Let's get into very actionable things. One is, I understood, and most software companies understand that they can't scale their business if all the adoption relies on purely themselves. In order for us to scale our adoption program, we implemented a few things. We implemented a group of folks that we called cloud champions. I've seen the champion model before. In a previous stint at another company, the vendor would pay a champion to be sitting at another vendor just to advocate for that brand. This is what we have. Starting with the folks of the early adopters, innovators, that are not necessarily as even distributed, but we also found folks that were interested and wanted to join. We're able to form a group of people across our major application groups. Again, it's roughly 600 applications, there's various application groups.
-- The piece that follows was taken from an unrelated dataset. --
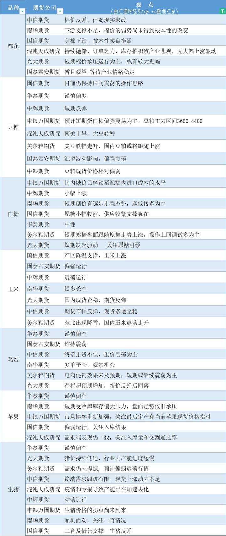 标题:期货公司观点汇总一张图:11月6日农产品(棉花、豆粕、白糖、玉米、鸡蛋、生猪等)

We found that group of people, and said, let's build them, so that they can scale us. It's good. What do you equate this to? You could equate them to like evangelists. You could equate folks that are like startup meetups, and they do not work for the software company that created that software for the meetup. That's what we want with them.

There's a few caveats. One, they are vocal and loud, and you want that. They will be loud about the good and the bad. In the end, their natural result is that it is positive, because they will duly represent their needs and asks, and their app group. They'll also be your partners in this. Focusing on building this group of champions is something that will benefit you a lot. I think we're getting there in how to scale our organization, because I cannot scale my org, at the same rate that I need adoption to grow. We did that.

Addressing Uncertainty as a Practice

The second thing is now we need to deal with uncertainty as a practice. Knowing that the mainstream market is much less risk-prone, and again, the scale of the firm justifies treating almost like this is a traditional technology adoption lifecycle. What do you do to reduce the risk? We looked at the things that are not necessarily related to the product itself, or to moving to public cloud, but that are around the ecosystems of moving to the public cloud. Would someone know immediately how to operate that application, if moved to a public cloud environment? It's like, it seems the instructions are not there. Someone that is more responsible, is like, I cannot operate. I'm not going to go. I could migrate the application. I have the technological capability to do it. I even have the time, but what do I do once I migrate? We created this specific initiative to tackle data. What do you do once you're there? How do you operate? How do you perform backup? How do you perform restore? How do you perform an emergency management procedure? How do you have access to production pieces under an incident? Those are the things that are resolved on-prem, but you need to build, invent them almost, for a public cloud.

Data is a key thing for us. I think we were able to identify early on that the movement of data, either a one-off movement to migrate a database, or the constant movement through a pipeline. That's also key. There's a lot of governance aspects around data as well. We focused like, great, so we need to first be comfortable about the movement of the data, and about the pipelines to constantly move data there. We built a practice on this. By building a practice, it means that we actually have an initiative that is seeing this problem, treating it like a product. What are the customers asking, or what is it that they need? What capabilities could we implement in terms of either technology, or documentation, or training, or just one-off hands on assistance? SDLC is obvious. It needs to be there. SDLC or CI/CD will change from what you have on-prem to what you have on cloud environments.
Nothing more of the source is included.